Re: [greenstone-users] PDF plugin and number of pages

From Michael Dewsnip
DateFri, 24 Sep 2004 09:26:59 +1200
Subject Re: [greenstone-users] PDF plugin and number of pages
In-Reply-To (4152DB25-4040602-unesco-org-uy)
Hi Eduardo,

> > In terms of the "number of pages" metadata, luckily this isn't too difficult to add. The pdftohtml program that Greenstone uses creates anchor tags in the HTML output (<a name=1>, <a name=2> etc.) at the start of each page. It is fairly simple to look for these tags and count them to
> > determine the number of pages. I've added this code near the end of gsdl/perllib/plugins/PDFPlug.pm:
> [...]
>
> It works! Thanks.

Great!

> > If you want to add the file size metadata yourself you'll need to determine the size of the original file, then call add_utf8_metadata as I've done above.
>
> $filestat = stat($filename);
> $doc_obj->add_metadata($doc_obj->get_top_section(), "FileSize", $filestat[7]);
>
> I added the code above in sub read, BasPlug.pm, right after:
>
> $doc_obj->add_utf8_metadata($doc_obj->get_top_section(), "Plugin", "$self->{'plugin_type'}");
>
> But it doesn't work. What am I missing? I thought of BasPlug because I would like to have the FileSize element in all files, not just PDFs.

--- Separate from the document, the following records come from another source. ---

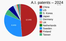 - 1 2 Buntz, Brian (3 de novembro de 2024). «Quality vs. quantity: US and China chart different paths in global AI patent race in 2024 / Geographical breakdown of AI patents in 2024». R&D World. Cópia arquivada em 9 de dezembro de 2024
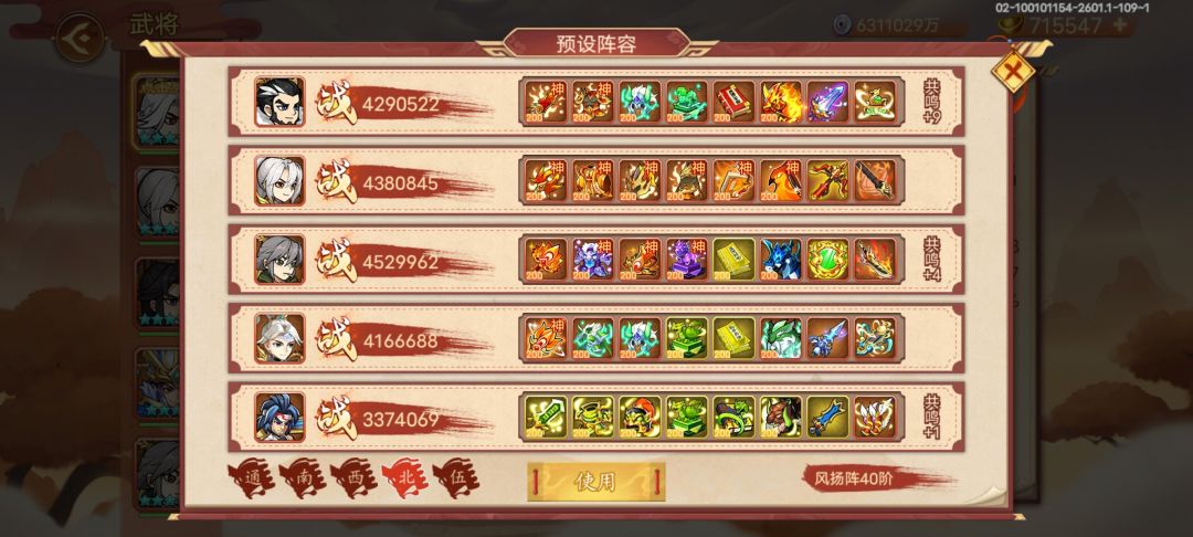 装备阵容如图
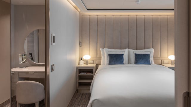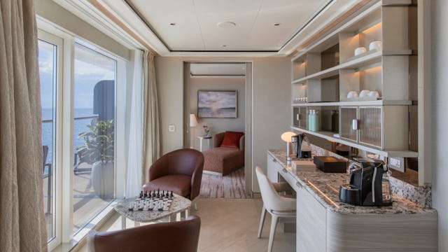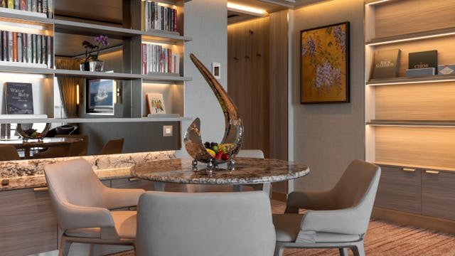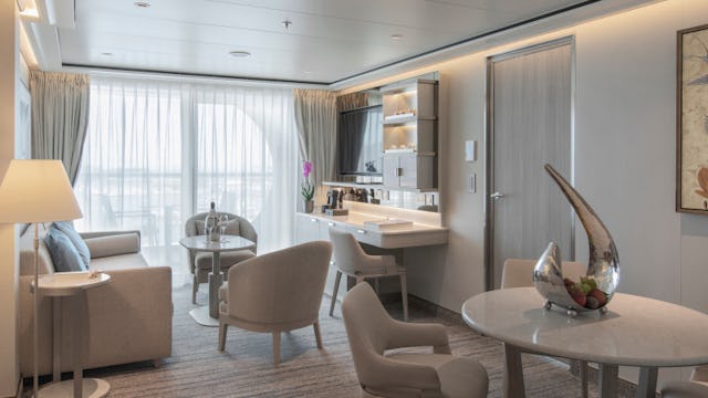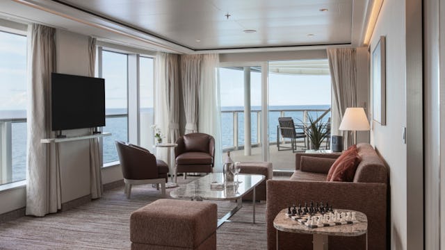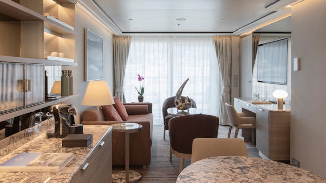 Wenn Sie noch höhere Ansprüche haben, erwartet Sie in der Owner’s Suite ein Lebensgefühl der Extraklasse. Elegant, großzügig und bis ins Detail durchdacht, erinnert sie an ein stilvolles Penthouse auf See. Auf 98 Quadratmetern – oder beeindruckenden 131 Quadratmetern in Kombination mit einer Premium Veranda Suite – erleben Sie Raum, Ruhe und zeitlose Eleganz. Genießen Sie Ihre Mahlzeiten am Esstisch für sechs Personen, entspannen Sie auf der großzügigen Veranda und lassen Sie sich vom herrlichen Ausblick aus Wohn- und Schlafzimmer begeistern. Mit ihrer zentralen Lage und ihrem klassischen Stil ist die Owner’s Suite ein echtes Prestige-Erlebnis.

You're right that this should go into BasPlug. Unfortunately the "inheritance structure" of the Greenstone plugins isn't too pure, so you need to put it in other places as well. PDFPlug inherits from ConvertToPlug, which overrides BasPlug's read function, so you'll need to add the code
into there too.

Also, stat() returns an array, so you need

@filestat = stat($filename);

Actually, I've just been looking in a Perl book regarding the stat function and it notes that if you are only interested in the size of a file, you can use the -s file test operator. So the code becomes

$doc_obj->add_metadata($doc_obj->get_top_section(), "FileSize", (-s $filename));

All the best,

Michael